Manokwari – Wakil Presiden Ma’ruf Amin menyiapkan sejumlah personel untuk menangani percepatan pembangunan Papua yang tergabung dalam Badan Pengarah Percepatan Pembangunan Otonomi Khusus Papua atau BP3OKP. Tim ini ditugaskan menyerap aspirasi masyarakat Papua.

Para personel itu direkrut dengan latar belakang mewakili tiap provinsi di Tanah Papua. Mereka diterima Wakil Presiden Ma’ruf Amin yang juga menjabat sebagai Ketua BP3OKP atau disebut juga Badan Pengarah Papua (BPP), di Istana Wapres, Jakarta, Selasa (9/5/2023).

Mereka adalah Pendeta Alberth Yoku perwakilan Provinsi Papua, Irene Manibuy selaku perwakilan Provinsi Papua Barat, Yoseph Yanowo Yolmen sebagai perwakilan Provinsi Papua Selatan, Pietrus Waine mewakili Provinsi Papua Tengah, Hantor Matuan dari Provinsi Papua Pegunungan, dan Otto Ihalauw dari Provinsi Papua Barat Daya.

Wapres meminta anggota BP3OKP tersebut untuk turun ke masyarakat sekaligus memperkuat komunikasi publik di daerah, khususnya dengan berbagai kelompok strategis di Papua.

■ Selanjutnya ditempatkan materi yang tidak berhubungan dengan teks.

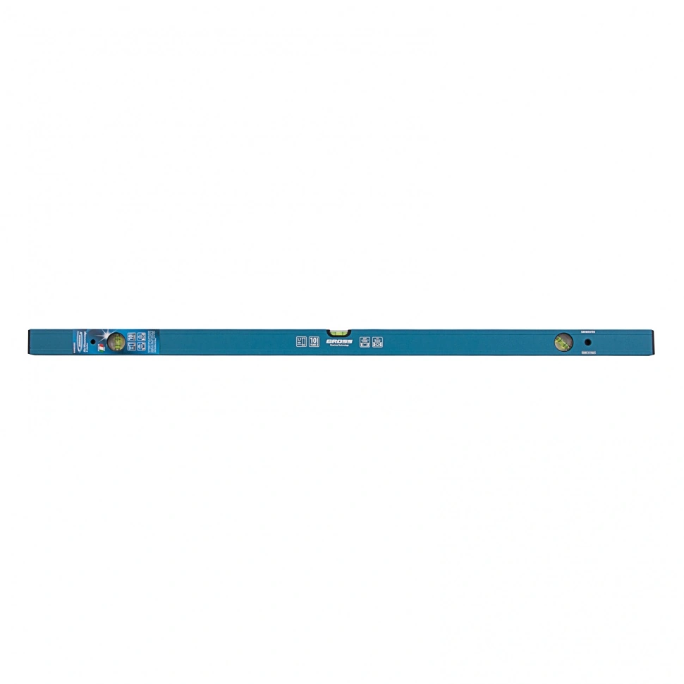 Усиленный алюминиевый уровень Gross 33632 длиной 1200 мм, с 3 глазками, поможет найти отклонения от горизонтали и вертикали для повышения точности работы. Этот простой, но незаменимый для любого мастера инструмент пригодится на стройке, при проведении ремонтных и монтажных работ. Уровень с глазком на 45 градусов позволяет измерить угол наклона, поэтому также пригодится при кровельных работах, проверке откосов и различных наклонных поверхностей.ПреимуществаПротивоударная конструкция — колбы из полистирола обладают высокой стойкостью к механическим воздействиям, поэтому инструмент выдерживает падения с небольшой высоты.Защитное порошковое покрытие — инструмент устойчив к воздействию агрессивных сред.Качественное исполнение — уровень изготовлен в Италии на высокотехнологичном производстве, погрешность измерений составляет всего 0,5 мм/м.Для определения отклонения вертикали 90 градусов необходимо использовать пузырьковую ампулу только в верхнем положении уровня. Только базовая поверхность является рабочей (против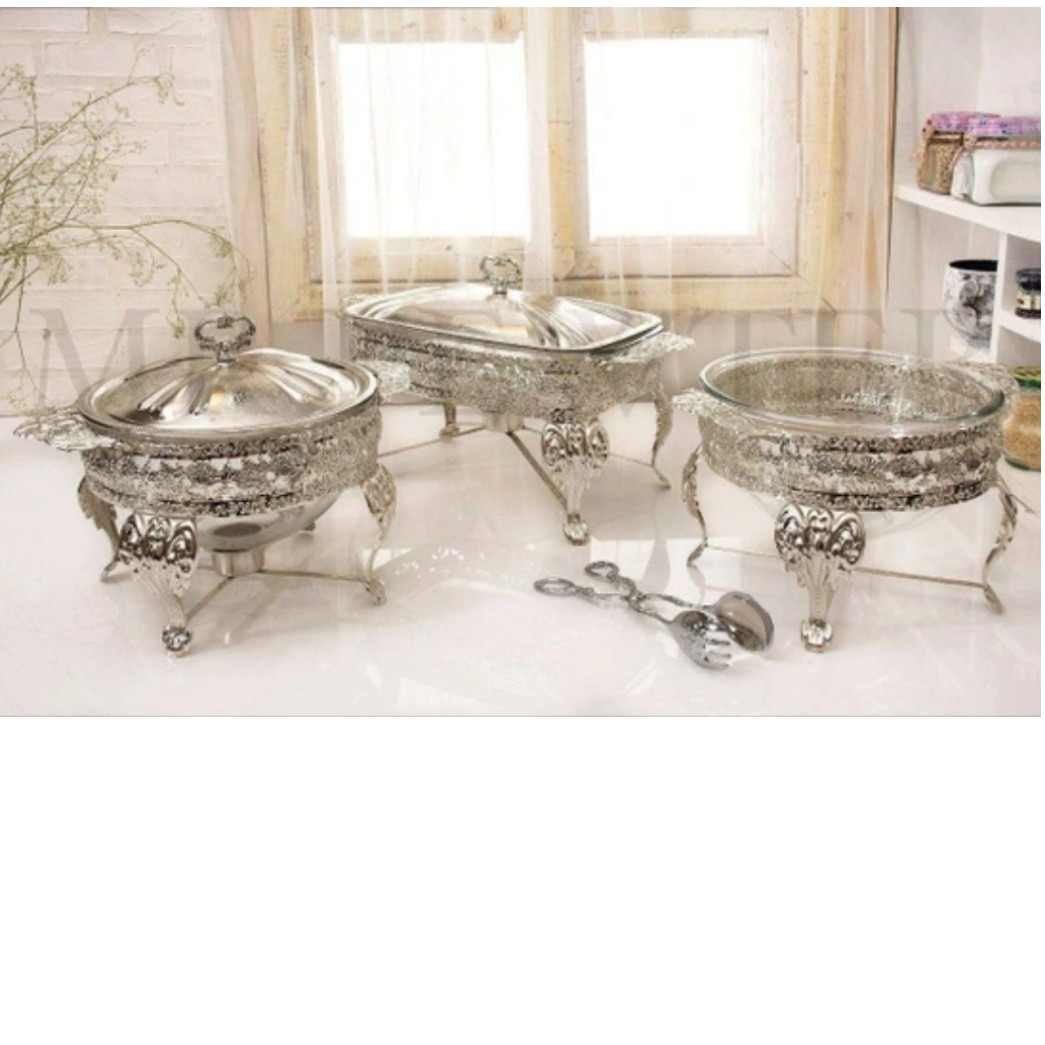 سوفله خوری پیرکس کیفیت عالی رنگ نقره ای هر سه مورد باهم ارسال مبلمونسرا مدل 290540

Dalam arahannya, Wapres meminta anggota BP3OKP tersebut untuk turun ke masyarakat sekaligus memperkuat komunikasi publik di daerah, khususnya dengan berbagai kelompok strategis di Papua. Semua pemangku kepentingan perlu diyakinkan bahwa pemerintah benar-benar ingin membangun Papua sejahtera dan maju.

”Tolong dengar aspirasi mereka, dengar apa maunya mereka. Catat dan laporkan segera supaya kita dapat mencari solusi terbaik untuk Papua. Kalau ada usulan, saran, kita catat dan dengarkan,” tutur Wapres.

Pada mulanya, BP3OKP dibentuk melalui Peraturan Presiden Nomor 121 Tahun 2022. Badan itu dipimpin Wapres dan beranggotakan tiga menteri, yakni Menteri Perencanaan Pembangunan Nasional/Kepala Bappenas, Menteri Dalam Negeri, dan Menteri Keuangan.

Adapun untuk anggota BP3OKP perwakilan setiap provinsi di Papua itu ditetapkan melalui Keputusan Presiden Nomor 15/M tahun 2023. Dalam Keppres yang ditandatangani 5 April 2023 lalu oleh Presiden Joko Widodo itu menetapkan masa jabatan anggota BP3OKP selama lima tahun.

Terhadap para anggota BP3OKP, Wapres juga menginstruksikan agar melaksanakan tugas dengan penuh rasa tanggung jawab. Sebab, kehadiran BP3OKP ini untuk mengawal arah baru pembangunan Papua ke depan. Diingatkan pula bahwa masa kerja pemerintahan Presiden Joko Widodo dan Wakil Presiden Ma’ruf Amin tinggal satu setengah tahun.

”Saat ini kita dihadapkan dengan batasan waktu pemerintahan hingga 20 Oktober 2024. Karena itu, saya meminta saudara-saudara untuk teliti dalam mengawal kegiatan/proyek percepatan pembangunan yang bersifat strategis, terobosan, dan menyentuh kebutuhan masyarakat asli Papua,” tambahnya.

Para perwakilan ini tak semua berdomisili di setiap provinsi yang diwakili. Irene, misalnya, adalah notaris di Kota Tangerang dan Pejabat Pembuat Akta Tanah (PPAT) di Kabupaten Gresik, Jawa Timur. Pietrus Waine yang merupakan pensiunan Polri berpangkat Inspektur Jenderal (Purn) Polisi banyak beraktivitas di Jakarta dan Semarang.

Yoseph Yanowo Yolmen berlatar belakang bekerja di perusahaan minyak dan gas, seperti PT Freeport Indonesia dan British Petroleum. Hantor Matuan dan Otto Ihalauw berlatar belakang pegawai negeri sipil.